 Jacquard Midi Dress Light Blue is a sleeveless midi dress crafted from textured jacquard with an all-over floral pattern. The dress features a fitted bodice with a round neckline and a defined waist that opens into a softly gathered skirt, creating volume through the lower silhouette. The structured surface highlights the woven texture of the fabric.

****************************************

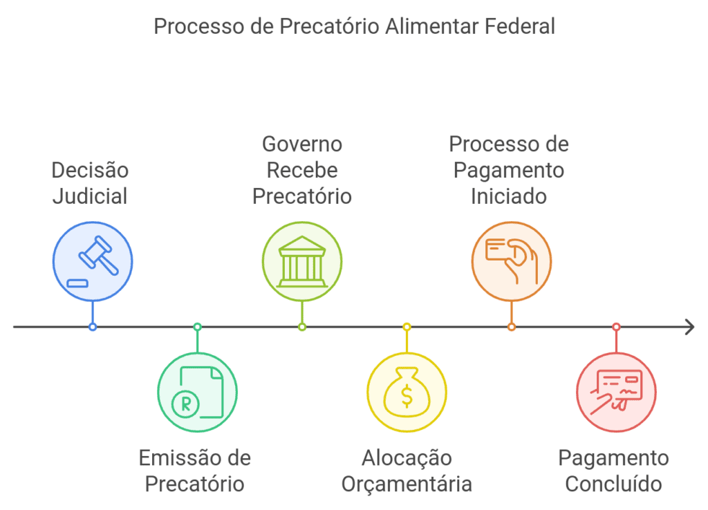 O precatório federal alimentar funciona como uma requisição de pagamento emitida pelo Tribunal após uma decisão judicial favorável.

****************************************

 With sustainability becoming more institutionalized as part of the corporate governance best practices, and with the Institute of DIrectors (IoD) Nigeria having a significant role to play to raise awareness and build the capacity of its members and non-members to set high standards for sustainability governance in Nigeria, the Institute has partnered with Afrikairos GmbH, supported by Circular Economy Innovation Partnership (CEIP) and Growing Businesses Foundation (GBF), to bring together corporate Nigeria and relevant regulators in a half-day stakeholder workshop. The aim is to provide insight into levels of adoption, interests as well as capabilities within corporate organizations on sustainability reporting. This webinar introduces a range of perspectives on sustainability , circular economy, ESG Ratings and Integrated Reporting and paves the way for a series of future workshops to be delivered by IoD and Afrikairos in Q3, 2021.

****************************************

> The task:
Scan the listing for "into" and copy out each line that has it.

> Task solution:
 Jacquard Midi Dress Light Blue is a sleeveless midi dress crafted from textured jacquard with an all-over floral pattern. The dress features a fitted bodice with a round neckline and a defined waist that opens into a softly gathered skirt, creating volume through the lower silhouette. The structured surface highlights the woven texture of the fabric.
 With sustainability becoming more institutionalized as part of the corporate governance best practices, and with the Institute of DIrectors (IoD) Nigeria having a significant role to play to raise awareness and build the capacity of its members and non-members to set high standards for sustainability governance in Nigeria, the Institute has partnered with Afrikairos GmbH, supported by Circular Economy Innovation Partnership (CEIP) and Growing Businesses Foundation (GBF), to bring together corporate Nigeria and relevant regulators in a half-day stakeholder workshop. The aim is to provide insight into levels of adoption, interests as well as capabilities within corporate organizations on sustainability reporting. This webinar introduces a range of perspectives on sustainability , circular economy, ESG Ratings and Integrated Reporting and paves the way for a series of future workshops to be delivered by IoD and Afrikairos in Q3, 2021.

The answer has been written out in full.